> **Requirement**
The answer consists solely of the lines running from the one with "Oxford Color System, fogli" through the final line below, transcribed exactly and without any pictures.

> **Data segment**
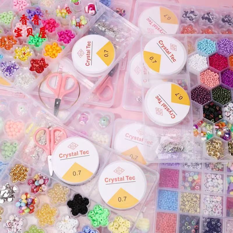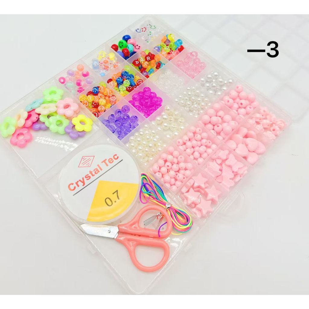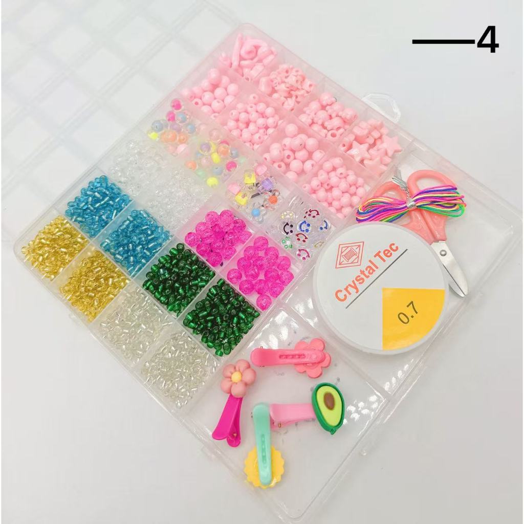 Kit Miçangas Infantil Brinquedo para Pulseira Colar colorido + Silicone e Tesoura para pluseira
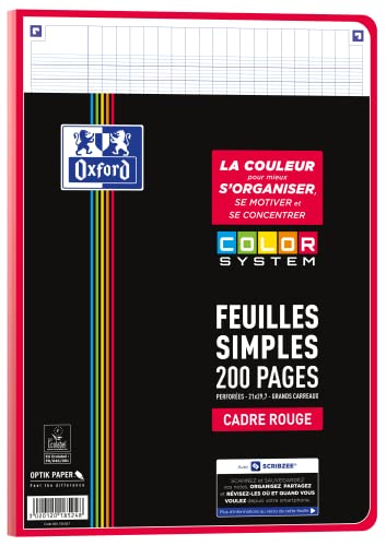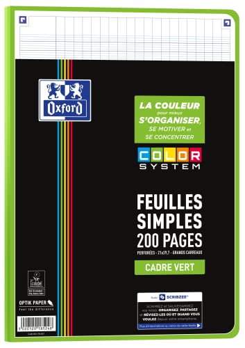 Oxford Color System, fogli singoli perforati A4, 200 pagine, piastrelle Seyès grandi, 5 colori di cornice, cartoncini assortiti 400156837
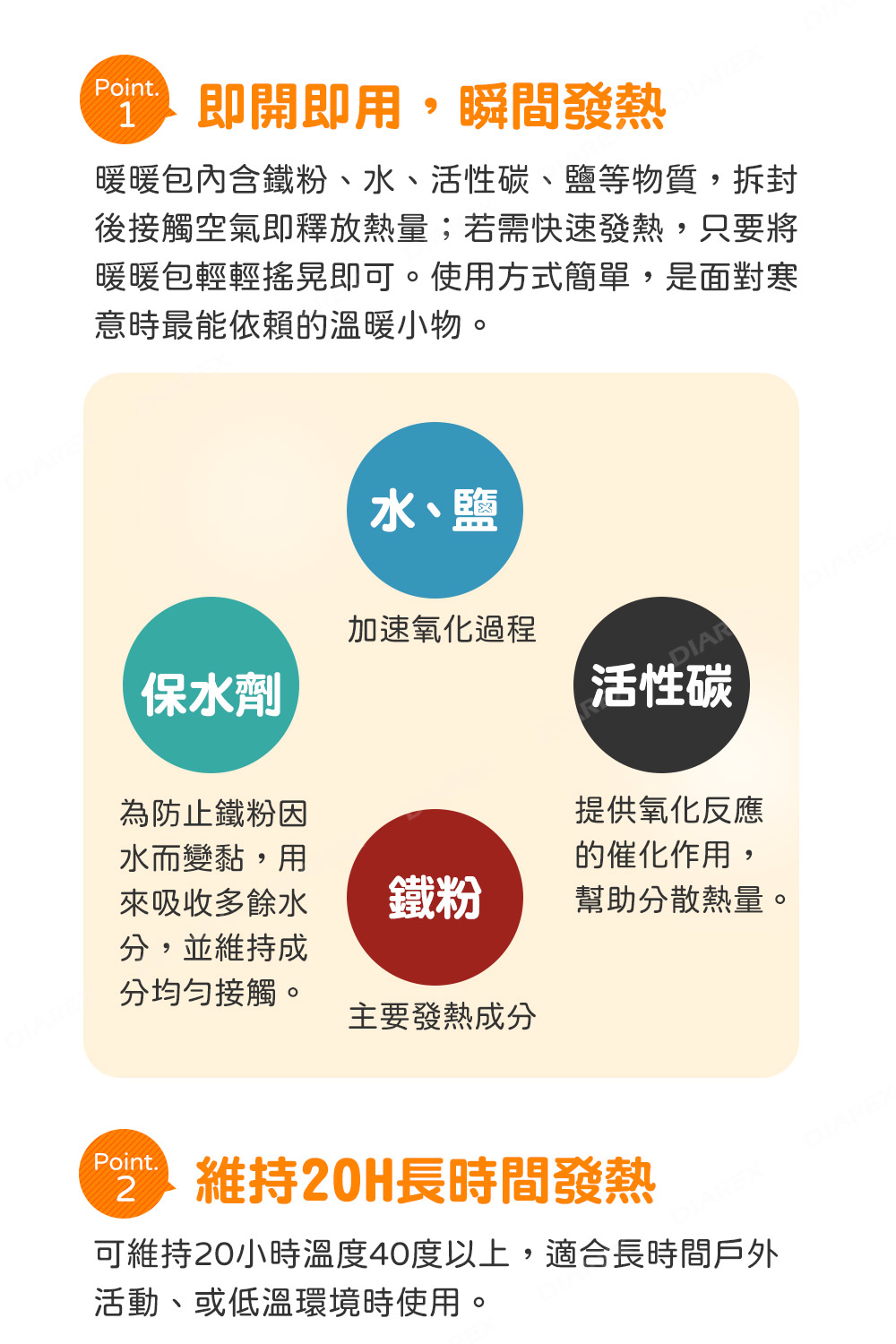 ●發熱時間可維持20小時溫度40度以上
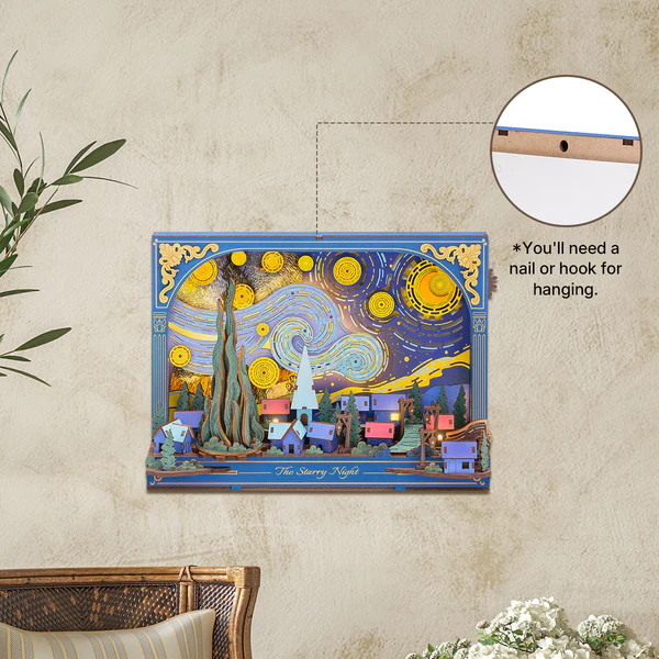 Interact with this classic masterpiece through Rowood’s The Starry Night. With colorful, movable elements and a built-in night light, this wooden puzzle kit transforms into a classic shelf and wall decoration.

> **Output**
 Oxford Color System, fogli singoli perforati A4, 200 pagine, piastrelle Seyès grandi, 5 colori di cornice, cartoncini assortiti 400156837
 ●發熱時間可維持20小時溫度40度以上
 Interact with this classic masterpiece through Rowood’s The Starry Night. With colorful, movable elements and a built-in night light, this wooden puzzle kit transforms into a classic shelf and wall decoration.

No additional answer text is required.